まずCASHの利用規約4条1項には「本サービスは、甲(運営会社)が乙(利用者)から目的物を買い取るサービスです」とされています。売買だと断言しています。そのために必要な古物商の資格も取っているようです。

ただ、このCASH、やはり普通のサービスとは異なります。利用規約4条4項には「目的物の引渡時期が経過するまでは、乙は、甲所定の方法により申し出ることにより本売買契約を解約することができます。この場合、乙は、甲に対して、売買代金を返金するほか、キャンセル料として売買代金の15パーセント相当額を支払う必要があります。
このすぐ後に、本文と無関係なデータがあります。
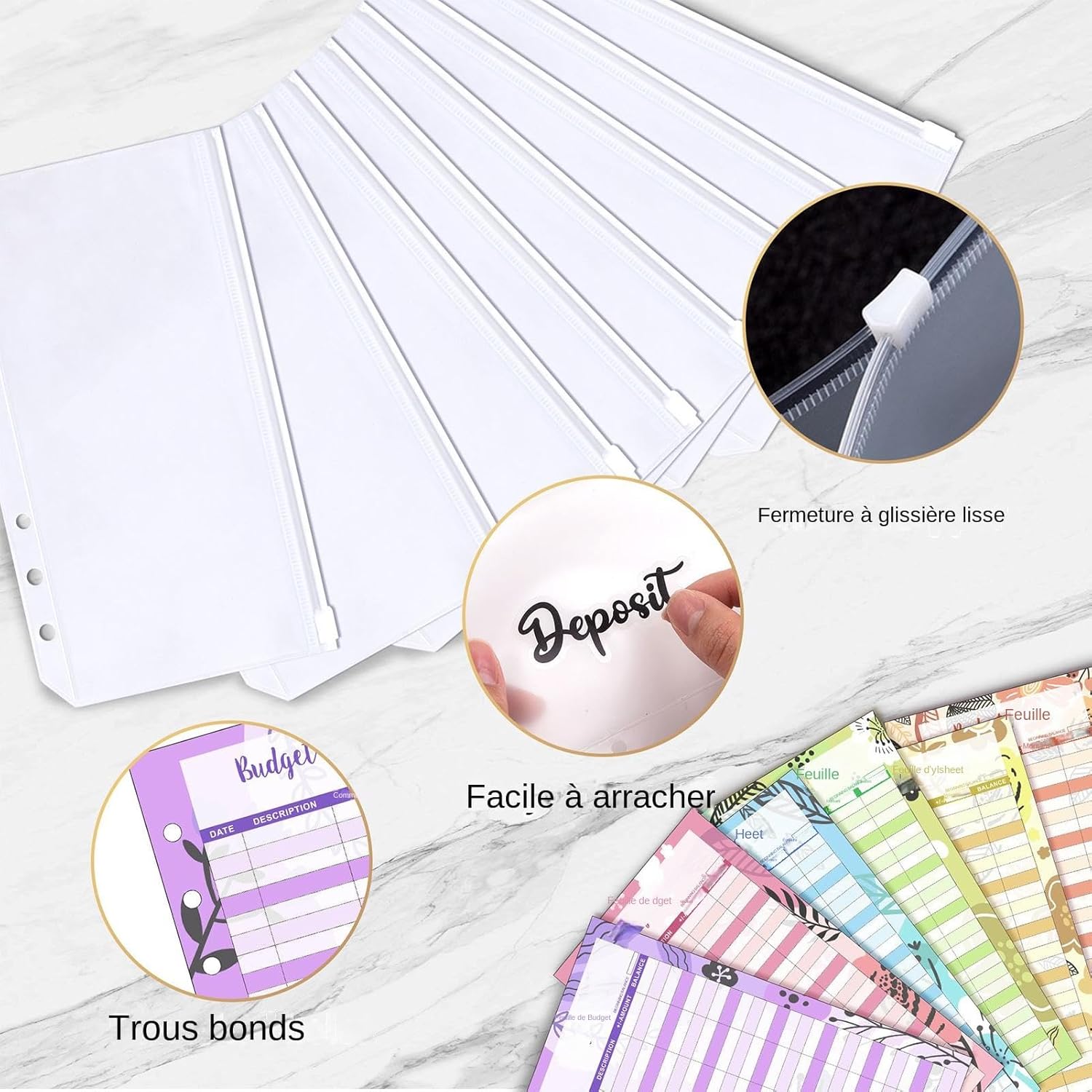 Efficient Cash Management: Secure zip pockets and twelve budget cards ensure secure storage, organized tracking of home finances and removable rings for customizable use.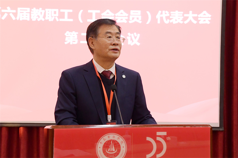 冰球突破豪华版官方网站党委书记邢桂强作总结讲话,他表示冰球突破豪华版官方网站第六届教职工(工会会员)代表大会第二次会议,是在全校上下深入贯彻落实党的十九届六中全会精神,推进应用型本科高校建设的关键时期召开一次重要会议,也是学校立足新发展阶段、贯彻新发展理念,站在“十四五”新的发展起点,充分认识形势,奋力推进改革,加快内涵建设、推动高质量发展的一次动员大会。各位代表以强烈的责任感和使命感,充分行使民主权利,切实履行代表职责,围绕学校改革发展大计,紧密联系工作实际,建睿智之言、献务实之策,提出了许多真知灼见,表达了对加快学校发展的迫切愿望和责任担当。他希望全校统一思想、凝聚共识,增强学校发展的责任感紧迫感;加强学习、提高站位,不断提高履职能力和水平;强化担当、务实高效,推进学校各项工作的贯彻落实。振奋精神、真抓实干,掀起干事创业新高潮,谱写“走在前列”新篇章,为早日建成“国内领先、省内一流”的高水平应用型大学不懈奋斗!以实际行动迎接党的二十大胜利召开!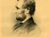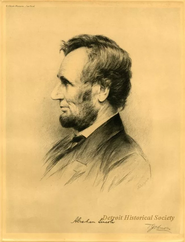 Print reproduction on heavy paper of an engraving of President Abraham Lincoln, originally drawn by T. Johnson. The engraving shows a profile view of President Lincoln from the shoulders up. The original drawing was signed by the artist on the lower right. Text on the upper left corner of the print reproduction reads "(c) Charles Barmore, New York."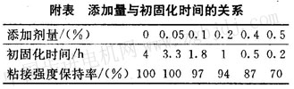 被粘接對(duì)象是若干片狀的磁瓦與圓形轉(zhuǎn)子,要將一片片的磁瓦沿徑向粘貼在圓周面上,難度較大,除了專用夾具外,尚需改善膠的初固化性能,即加快凝膠速度,使其能在短時(shí)間內(nèi)將磁瓦貼附在磁軛上面。由于該膠屬于水溶性,通過(guò)在基料中加入添加劑,在不降低或者對(duì)粘附性能影響較小的前提下,加快凝膠速度。這種添加劑可以是硼酸鹽、氟化物、氟硅酸鹽,亦可以是磷酸鹽;蛘吣z速度雖快,但影響粘接強(qiáng)度較為明顯;后者在一定濃度下對(duì)粘接強(qiáng)度影響的幅度不大,因此,選擇可溶性磷酸鹽作為添加劑。附表是添加量與初固化時(shí)間的關(guān)系,添加量宜控制在0.2%~o.4%之間,既縮短了初固化時(shí)問(wèn),又保持了足夠的粘接強(qiáng)度。

当該キャンセル料は、甲が乙から目的物を買い取り、二次流通マーケットで売却等して得られたであろう利益等を考慮して設定されています」という記載がその内容です。

目的物の引き渡し期間として「2カ月」という長い期間が設定されているうえ、それまでは売買を解約してモノを取り返すことができる、というのがキモ。そこで「キャンセル料として売買代金の15パーセント相当額を支払う必要がある」というのがCASHの特徴です。

利息込みの元本が払えない「質流れ」と同質

そうした実態をみると本件、ぱっと見「質屋」みたい、と感じる人が多いでしょう。通常、高価な時計やバッグ、あるいは衣服を担保にしておカネを手にすることから想像されるのは「質」です。「質屋アプリ」と紹介している記事が多いこともそれが理由でしょう。モノを渡す約束をして、2か月たって「モノを渡したくない」ときには「手数料」を払ってモノを手元に残す、という構造は、利息込みの元本が払えないとモノが質流れしてしまう「質屋」とすごく似た感じがします。

法的にはどうでしょうか。この点、民法345条は「質権者は、質権設定者に、自己に代わって質物の占有をさせることができない」と定めます。占有とは「事実上持っている」というくらいの意味ですが、実際に質草を質屋さんが手にしないで、持ち主が持ったままの場合(「占有改定」といいます)には原則的に質権は成立しない(第三者が持っている場合「指図による占有移転」の場合は質が成立するのでは、というような論点があります)とした規定なのです。

これを「質権の要物契約性」と呼びますが、CASHはそこを回避しています。つまりモノをCASHに送らない状態では理屈上、質は成立しないことになります。従ってよほど原則を捻じ曲げないと質には当たらないことになります。CASHが新しいサービスを目指して工夫した点の一つでしょう。